First, let us consider which sock to put back to the drawer. If he has socks with colors \(x\) and \(y\), it is better to maintain the sock with the color such the number of socks with that color are larger. Thus, if \(x < y\), we may assume that he put back the sock of color \(x\) to the drawer and maintain that of color \(y\). (Note that even if there is the same number of socks of color \(x\) and of color \(y\), we apply a tie-break by the indices.)
This observation allows us to perform a DP (Dynamic Programming).
Let \(dp_i\) be the expected number of times to take out a sock when he holds a sock of color \(i\) outside the drawer. Let \(S \coloneqq \sum A_i - 1\), the number of socks in the drawer. We derive an equation based on the color of the next sock to draw. If he takes out a sock of color \(j\):
- if \(i > j\): He maintains the sock of color \(i\). The contribution to the expected value is \(\frac {A_jdp_i}{S}\).
- if \(i = j\): The operation terminates, and the contribution is \(0\).
- if \(i < j\): he maintains the sock of color \(j\). The contribution is \(\frac {A_jdp_j}{S}\).
Therefore, we have \(dp_i = 1 + \displaystyle\sum_{j = 1}^{i-1} \frac{A_jdp_i}{S} + \sum_{j = i + 1}^{N} \frac{A_jdp_j}{S}\).

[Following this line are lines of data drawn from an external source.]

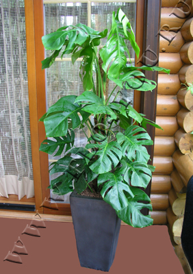 Монстера в высоком керамическом кашпо с грунтом и дренажом.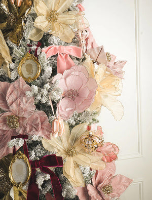 The Pink Rose Gold Edge Clip-On is a sophisticated floral accent that adds a touch of glamour to your holiday décor. With its soft pink petals delicately edged in rose gold, this flower exudes elegance and festive charm.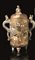 Contenitore, Giappone sec. XIX-XX, in porcellana satsuma sui tono dell’oro, dalla forma cilindrica, due manici laterali a for- ma di drago e il pomello del coperchio modellato della forma di un saggio assiso, alt. cm 27, sbeccature all’interno del coperchio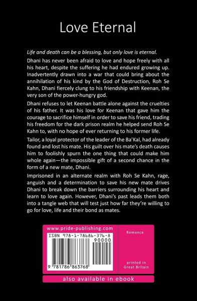 Life and death can be a blessing, but only love is eternal. Dhani has never been afraid to love and hope freely with all his heart, despite the suffering he had endured growing up. Inadvertently drawn into a war that could bring about the annihilation of his kind by the God of Destruction, Roh Se Kahn, Dhani fiercely clung to his friendship with Keenan, the very son of the power-hungry god. Dhani refuses to let Keenan battle alone against the cruelties of his father. It was his love for Keenan that gave him the courage to sacrifice himself in order to save his friend, trading his freedom for the dark prison realm he helped send Roh Se Kahn to, with no hope of ever returning to his former life. Tailor, a loyal protector of the leader of the Ba'Kal, had already found and lost his mate. His guilt over his mate's death causes him to foolishly spurn the one thing that could make him whole again-the impossible gift of a second chance in the form of a new mate, Dhani. Imprisoned in an alternate realm with Roh Se Kahn, rage, anguish and a determination to save his new mate drives Dhani to break down the barriers surrounding his heart and learn to love again. However, Dhani's past leads them both into a tangle web that will test just how far they're willing to go for love, life and their bond as mates.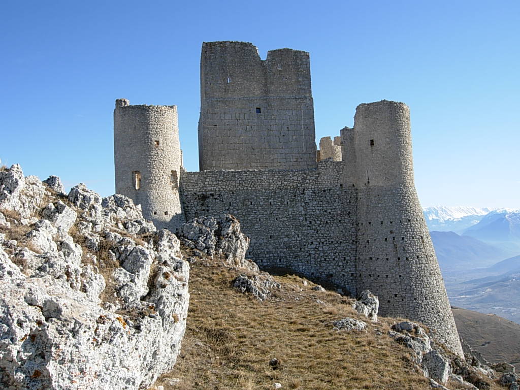 The Castle of Rocca Calascio is a mountaintop fortress or rocca in the municipality of Calascio, in the Province of L'Aquila, Abruzzo, Italy. At an elevation of around 1,460 metres (4,790 ft), the castle is the highest fortress in the Apennines. Built of stone and masonry exclusively for military purposes and intended only to accommodate troops and never as a residence for nobles, the fortress overlooks the Plain of Navelli at one of the highest points in the ancient Barony of Carapelle. Construction of the fortress started in the tenth century as a single watchtower. A walled courtyard with four cylindrical towers at the corners around a taller inner tower was added in the thirteenth century. The lower half of the fortress is built with distinctively larger stones than its upper half. It is believed that this feature was to make its base impenetrable to invaders. The fortress was never tested in battle. However, it was badly damaged in November 1461 by the 1461 L'Aquila earthquake with an estimated magnitude of 7 to 8 on the Richter Scale. While the town of Calascio, which lies below the fortress, was rebuilt, the fortress was not. The Castle of Rocca Calascio lies within the Gran Sasso e Monti della Laga National Park and alongside the high plain of Campo Imperatore.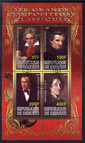 Djibouti 2009 Classic Composers #3 perf sheetlet containing 4 values fine cto used
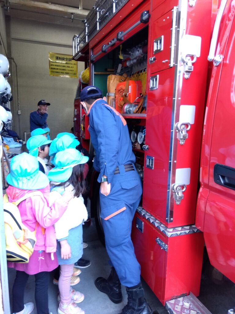 消防署では「なんで消防士になろうと思ったの?」など質問をしたり、大きな消防車を見学させていただきました。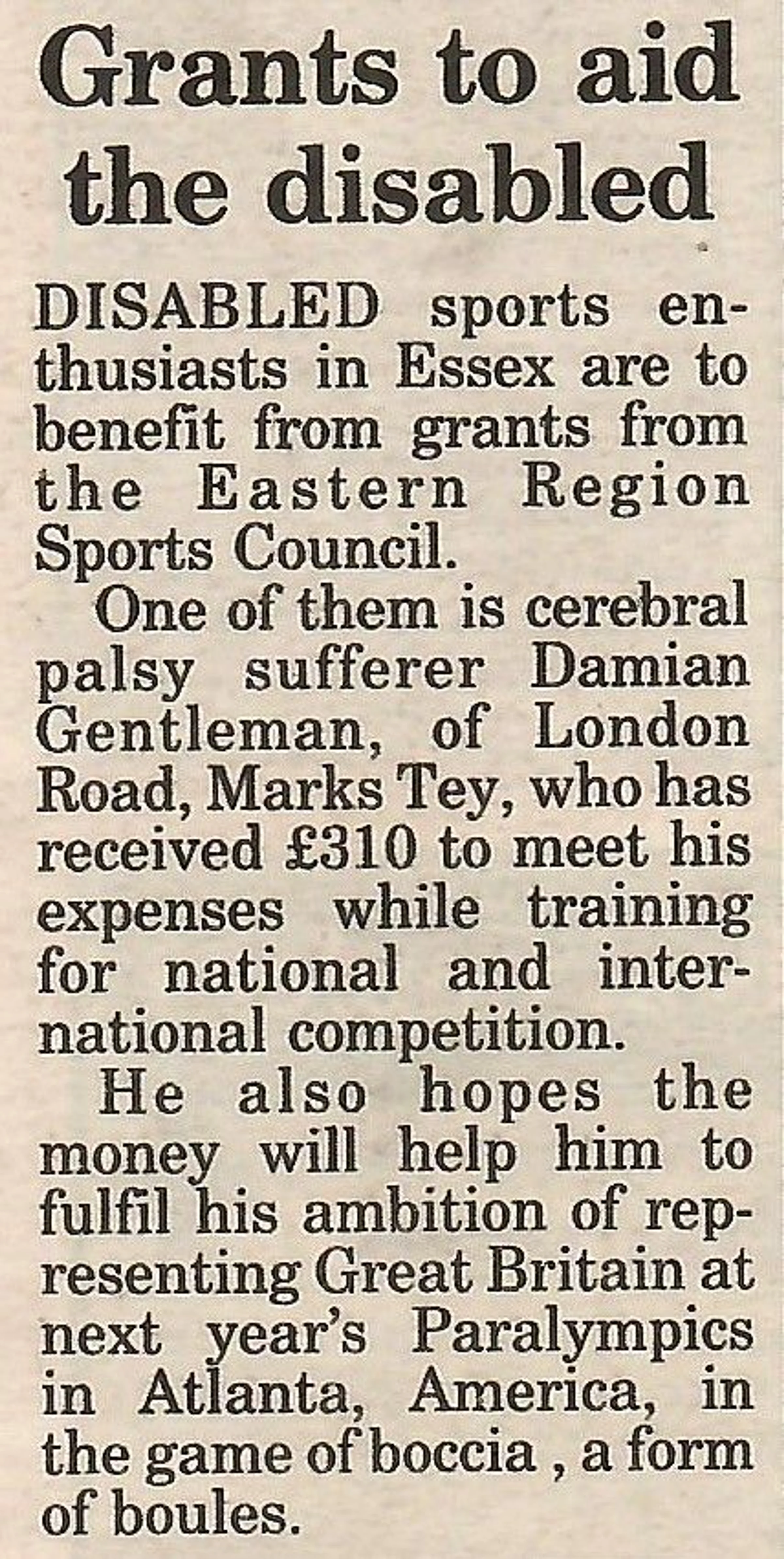 Newspaper report regarding Damian Gentleman and a grant for competition.

By transposing terms, we obtain \((1 - \displaystyle\sum_{j = 1}^{i-1} \frac{A_j}{S}) dp_i = 1 + \sum_{j = i + 1}^{N} \frac{A_jdp_j}{S}\), which can be evaluated in descending order of \(i\) in a total of \(O(N^2)\) time; however, this computation process is not fast enough.

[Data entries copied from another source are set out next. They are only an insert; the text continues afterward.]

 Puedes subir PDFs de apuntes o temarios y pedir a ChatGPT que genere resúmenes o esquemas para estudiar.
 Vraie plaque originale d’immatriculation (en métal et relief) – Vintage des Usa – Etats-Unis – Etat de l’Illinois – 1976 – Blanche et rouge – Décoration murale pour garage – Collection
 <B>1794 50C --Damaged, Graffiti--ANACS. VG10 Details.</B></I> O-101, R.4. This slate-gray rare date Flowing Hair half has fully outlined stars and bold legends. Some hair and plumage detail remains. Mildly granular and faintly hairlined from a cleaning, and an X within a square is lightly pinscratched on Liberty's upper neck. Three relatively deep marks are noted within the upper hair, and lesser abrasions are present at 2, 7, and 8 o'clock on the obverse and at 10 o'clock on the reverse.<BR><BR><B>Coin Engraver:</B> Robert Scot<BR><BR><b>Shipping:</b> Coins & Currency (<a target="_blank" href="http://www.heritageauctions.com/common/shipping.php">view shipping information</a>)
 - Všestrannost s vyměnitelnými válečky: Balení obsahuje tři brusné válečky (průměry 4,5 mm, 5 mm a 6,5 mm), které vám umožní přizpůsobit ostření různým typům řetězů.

However, the bottleneck of this computation is \(\displaystyle\sum_{j = 1}^{i-1} \frac{A_j}{S}\) and \(\displaystyle\sum_{j = i + 1}^{N} \frac{A_jdp_j}{S}\), which can be successively computed by differential updates. Specifically, if those values evaluate to \(X\) and \(Y\) when computing \(Y\), we may subtract \(\frac{A_{i - 1}}{S}\) from \(X\) and add \(\frac{A_idp_i}{S}\) to \(Y\) before computing \(dp_{i-1}\).

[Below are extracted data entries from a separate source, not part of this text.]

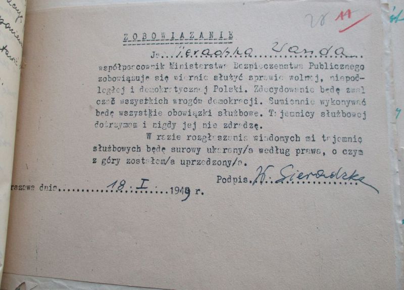 Zacznijmy od najważniejszego faktu. Pani Wanda była zatrudniona przez pewien czas jako pracownica UB. Z tego powodu skrupulatni biurokraci UB założyli jej teczkę personalną (sygnatura IPN -BU-1005-7096). To nie jest ważne, że okres zatrudnienia Wandy Sieradzkiej przez MBP, był bardzo krótki. Ważne jest to, że to ona sama chciała być w tym ministerstwie zatrudniona i ubiegała się o przywilej ten dwukrotnie. To nie z braku chęci współpracy została z UB usunięta ale ze względu na jej …... powiedzmy sobie, rozrywkowy tryb życia, który nie podobał się większości jej zwierzchników.
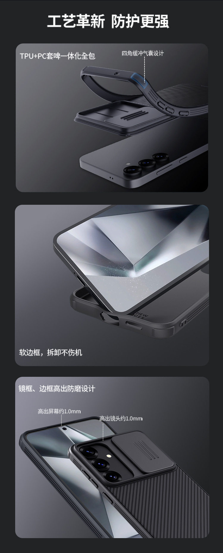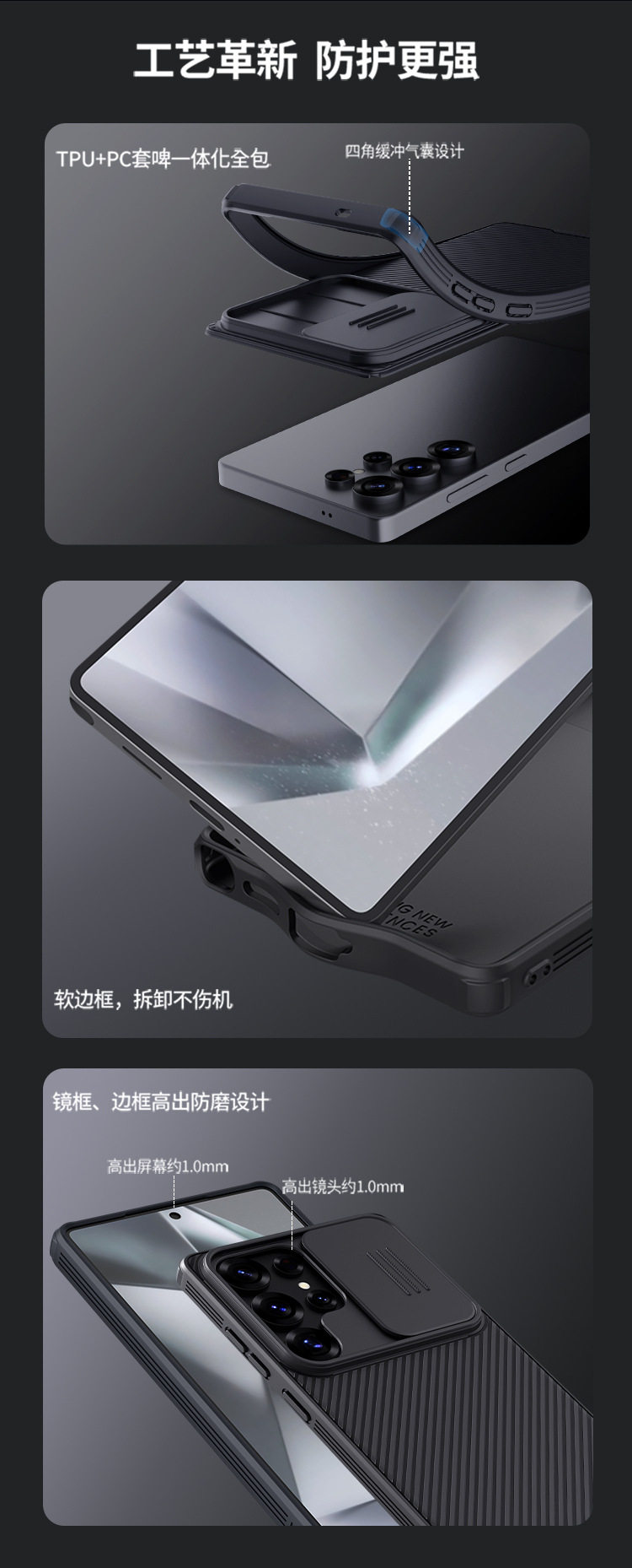 Nillkin Nelgin for Samsung S25Ultra Phone Case s25edge Black Mirror Pro Lens Slide Push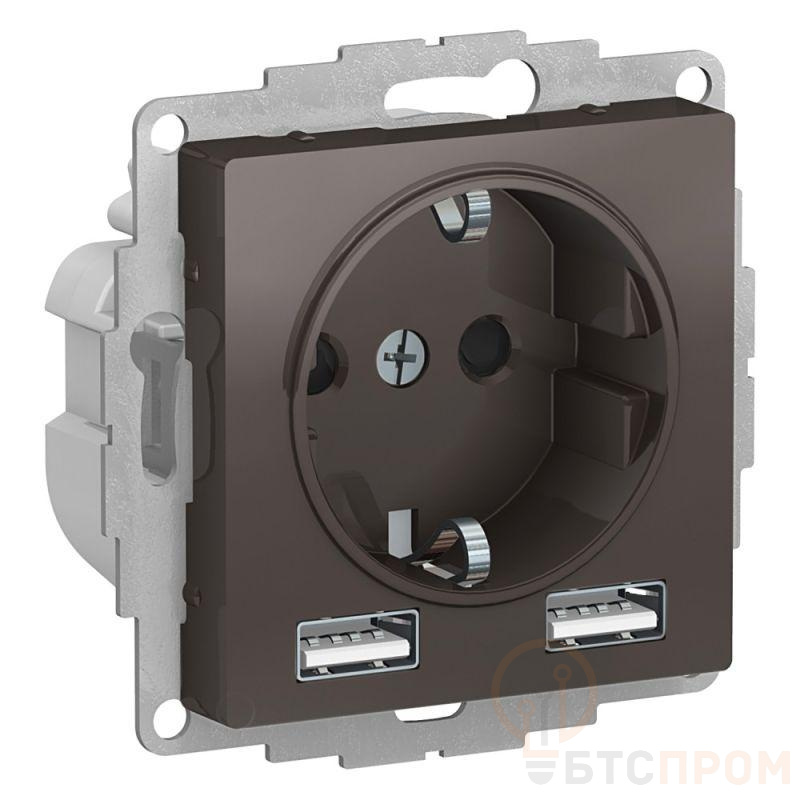 Розетка 1-м СП AtlasDesign 16А IP20 с 2-мя заряд. устройствами USB тип A+A 5В/2.4А 2х5В/1.2А механизм мокко SE ATN000630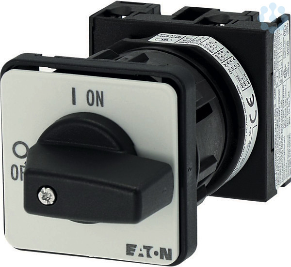 EIN-AUS-Schalter, Sortiment: EIN-AUS-Schalter, Typkenner: T0, mit schwarzem Knebel und Frontschild, 2-polig, Schutzart: Front IP65, Bauform: Zentraleinbau, Schaltwinkel: 90 °, Schaltverhalten: rastend, Frontschild: 0-1, Bemessungsbetriebsleistung AC-23A, 50 - 60 Hz 400 V: P = 5.5 kW, Bemessungsdauerstrom: Iu = 20 A, 1 Baueinheit(en), Normen und Bestimmungen: IEC/EN 60947, VDE 0660, IEC/EN 60204, CSA, UL, Lasttrennschalter nach IEC/EN 60947-3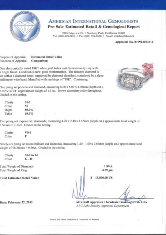 Regarding Appraised Jewelry and Loose Stones - Auctionfarm sends them out to a third party for Retail Replacement Value Appraisals, which are the most common. These types of evaluations are written for insurance needs. This would be the cost to replace the jewelry with an item of equal quality and kind, considered to be the current market price or the replacement value. This type of appraisal is done to protect you in the event of damage or loss of a valuable item. Our appraisals are conducted by independent 3rd Party appraisal firms that utilizes Certified GIA Gemologist. Appraisals should be used for verification of gemstone and/or metal weight, size, and grade only, not actual value. Appraisal value should be considered for insurance purposes only, not actual value, as price varies greatly from retail locations thru out the world. Items should not be purchased with the expectation to resell for appraisal price, or for profit.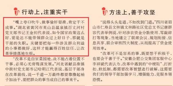 在《亲力亲为抓改革 扑下身子抓落实》一文,摘录了湖北省黄冈市英山县温泉镇百丈河村党支部书记王金初代表关于实干的说法。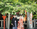 白無垢に赤い傘は、ぴったりです。この時期になると緑とのバランスも良くなります。

Overall, the DP can be evaluated in \(O(N)\) time. With the dependence on the modulus \(P = 998244353\), it costs \(O(N \log P)\) or \(O(N + \log P)\) time.
In the solution above, the constraint \(A_i \leq 3000\) is only used so that \(S\) cannot be a multiple of \(998244353\), but this smallness of \(A_i\) can also be used for optimization too.
If you define \(dp_i\) as the expected number of operations to terminate the procedure if he holds a sock of color such that there are \(i\) socks with that color, then the number of states of the DP becomes \(O(\max A_i)\). In this case, even without the differential updates like above, the computational cost is \(O((\max A_i)^2)\), which is fast enough.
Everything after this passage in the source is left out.